Input material START
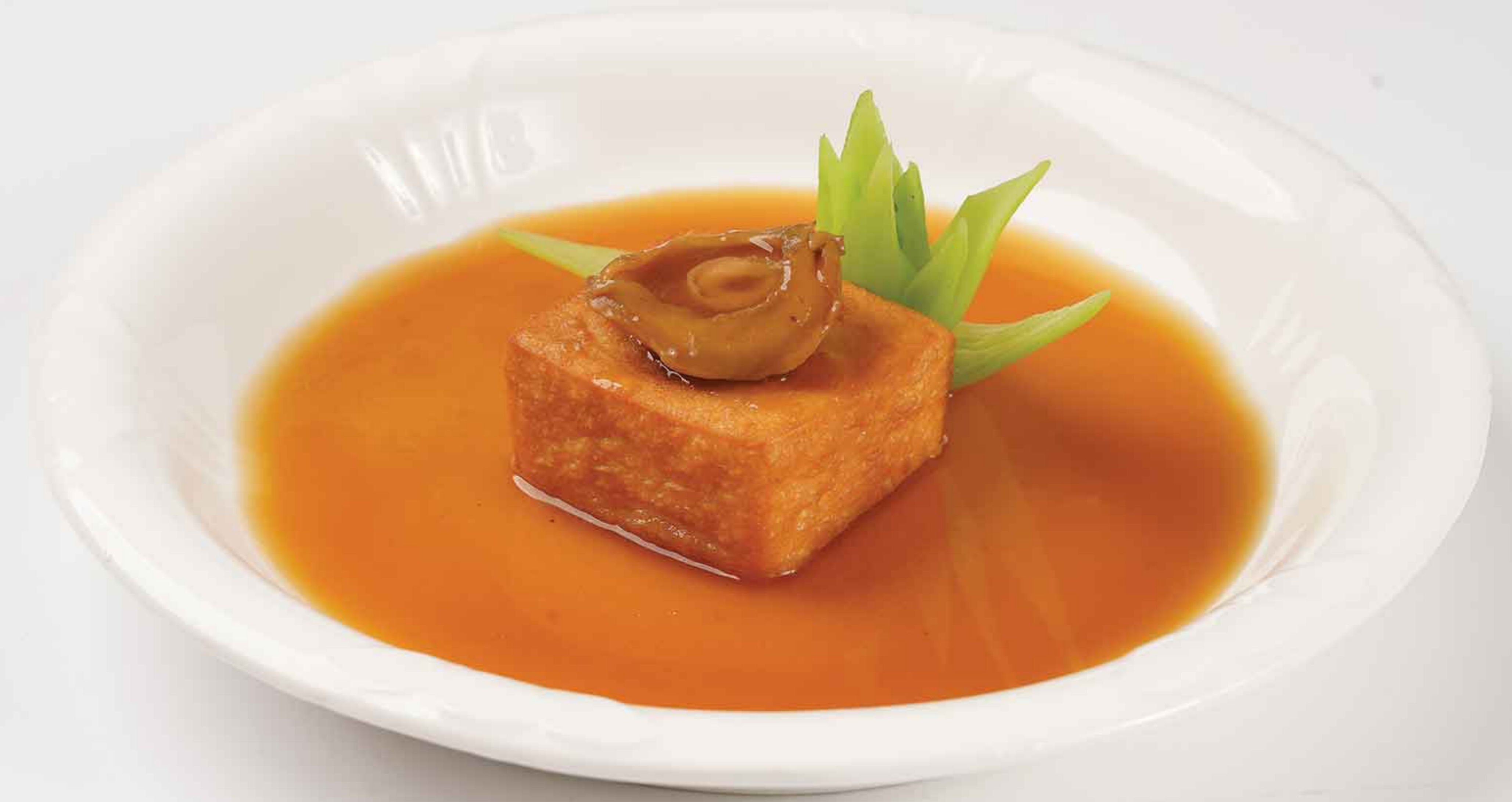
Braised Ten-Head Whole Abalone with Homemade Bean Curd
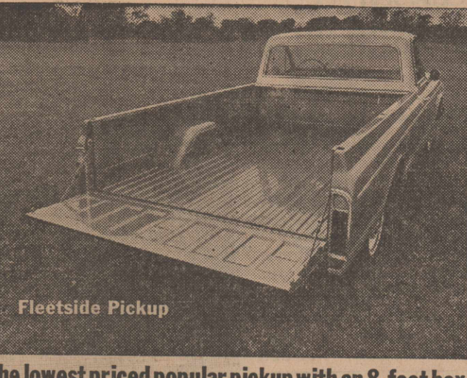
The lowest priced popular pickup with an 8-foot box.
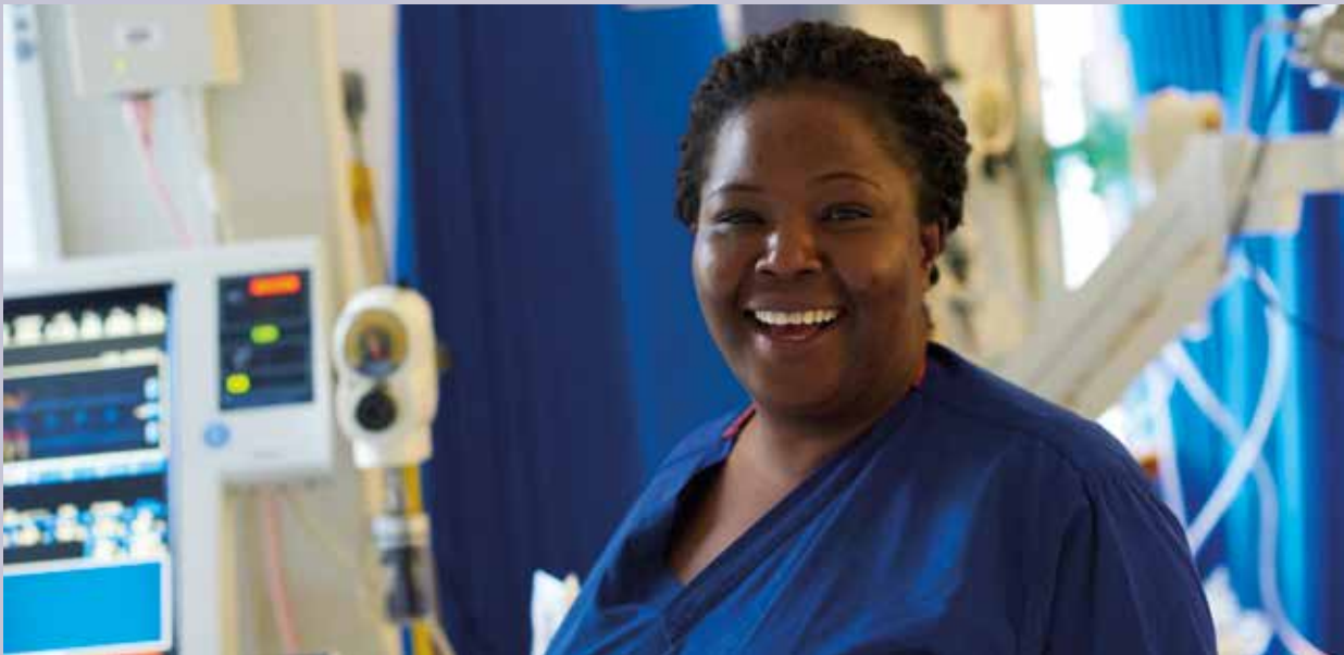
Royal Brompton and Harefield Hospitals Charity
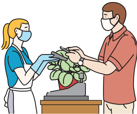
Practice zero-contact transactions.

Protect the customer as well as yourself and your coworkers.
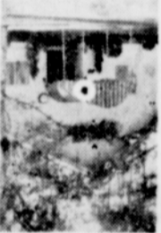
Mills Mortuary Established 1912 Washington at Seventh Phone 202 Cottage Grove, Oregon

Don't be a leaf. Sift and evaluate words; go against the wind, if your destination lies in that direction.
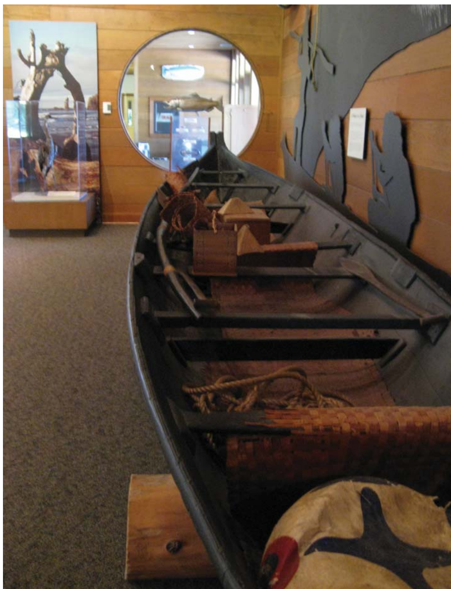
ONPVC exhibits introduce visitors to a variety of park resources.

All visitor center and ranger station exhibit assets are described in a very detailed manner in the NPS Facility Management Software System (FMSS).
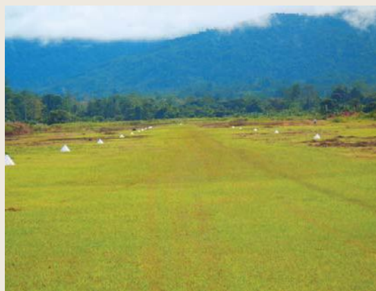
The freshly cut Kokoda airstrip.

KTA, through the Kokoda Initiative Safety Package, will be delivering a tractor and slasher in the coming months to assist with continued maintenance of the airstrip. Preparation for a new terminal at Kokoda is underway, with steel framing and bush material used as building material.
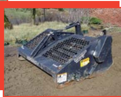
'99 Melroe LR6B
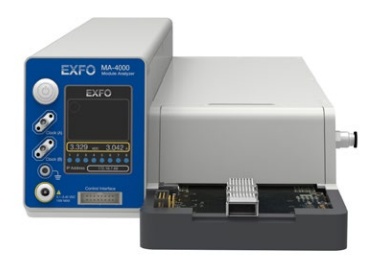
Minimized thermal chamber for industry's fastest thermal cycling
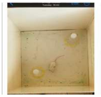
Day 2. Open field with similar objects
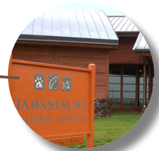
TAMASTLIKT CULTURAL INSTITUTE Pendleton, OR
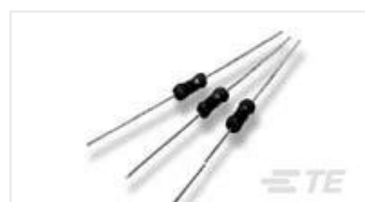
TE Part #7-1879350-5 RR01 5% 270R AMMO
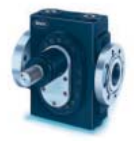
Pressure Increase Pump with double jacket

Vacuum Discharge Pump with double jacket
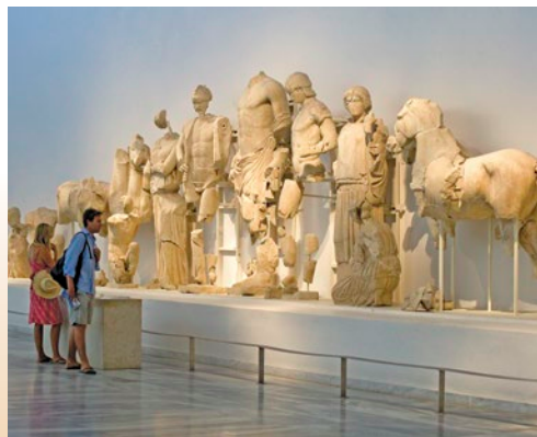
Archaeological Museum, Olympia

Sparta, Mystras & the Greek Olive. Walk with your guide through the ruins of ancient Sparta, one of Greece's most powerful city-states. Travel later to the stunning ruins of Mystras above the Laconian plain. In 1249, a Frankish prince built a castle there, which fell into the hands of the Byzantine Empire 13 years later. Over the next two centuries, Mystras evolved into the most important Byzantine city in the southern Peloponnese. Hear about its significance from your guide and admire the monasteries, chapels and churches adorned with frescoes. Finally, tour Sparta's Museum of the Olive and Greek Olive Oil, which details why the olive is prized by the Greeks. (Active)
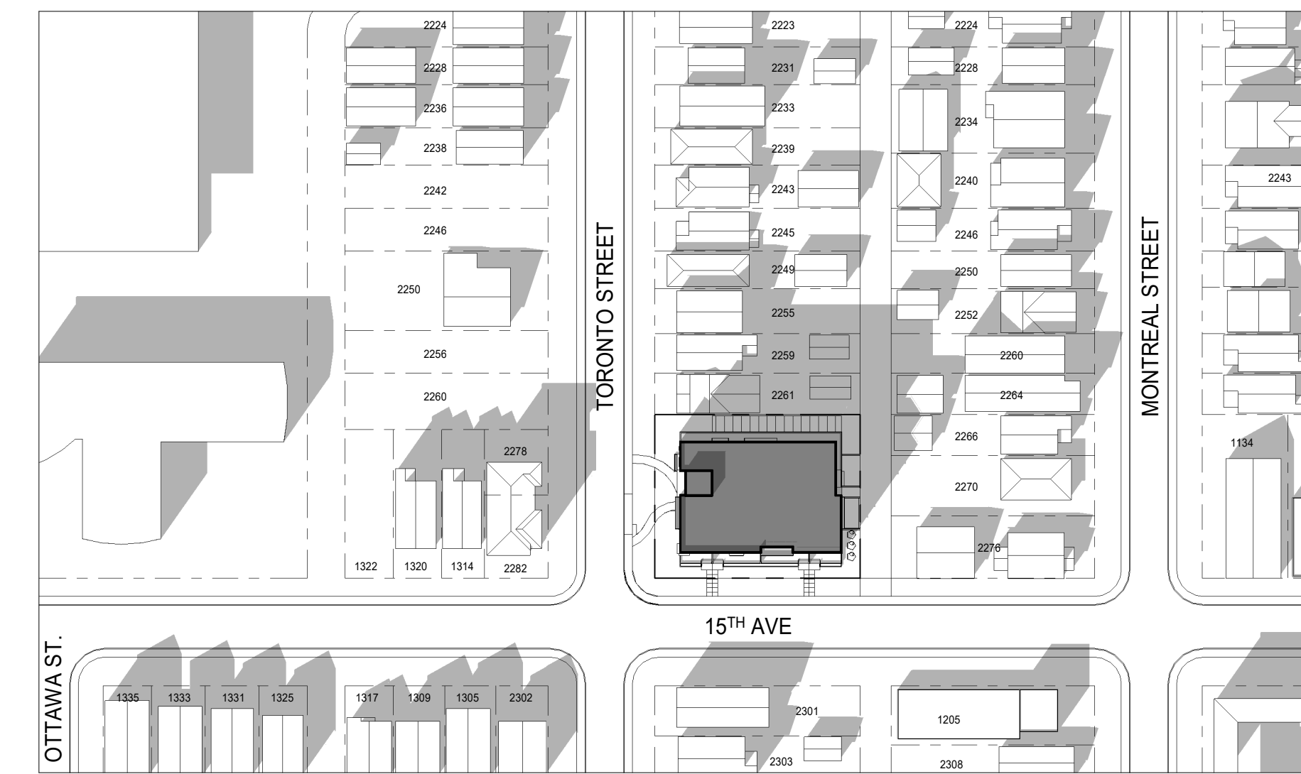
6 SPRING/FALL EQUINOX 3:00PM 1:1000
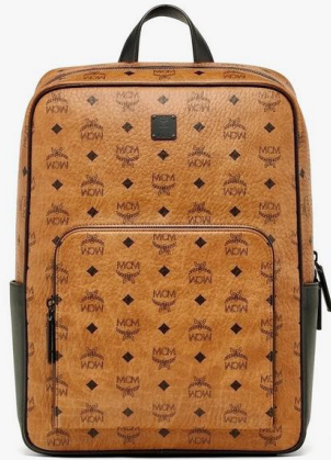
AREN SLING BAG IN VISETOS
Input material END
Only the lines starting at the one that includes "The freshly cut Kokoda airstrip." and ending at the one that includes "Archaeological Museum, Olympia" should be retyped, exactly, from the records above; no pictures.

The freshly cut Kokoda airstrip.

KTA, through the Kokoda Initiative Safety Package, will be delivering a tractor and slasher in the coming months to assist with continued maintenance of the airstrip. Preparation for a new terminal at Kokoda is underway, with steel framing and bush material used as building material.
'99 Melroe LR6B
Minimized thermal chamber for industry's fastest thermal cycling
Day 2. Open field with similar objects
TAMASTLIKT CULTURAL INSTITUTE Pendleton, OR
TE Part #7-1879350-5 RR01 5% 270R AMMO
Pressure Increase Pump with double jacket

Vacuum Discharge Pump with double jacket
Archaeological Museum, Olympia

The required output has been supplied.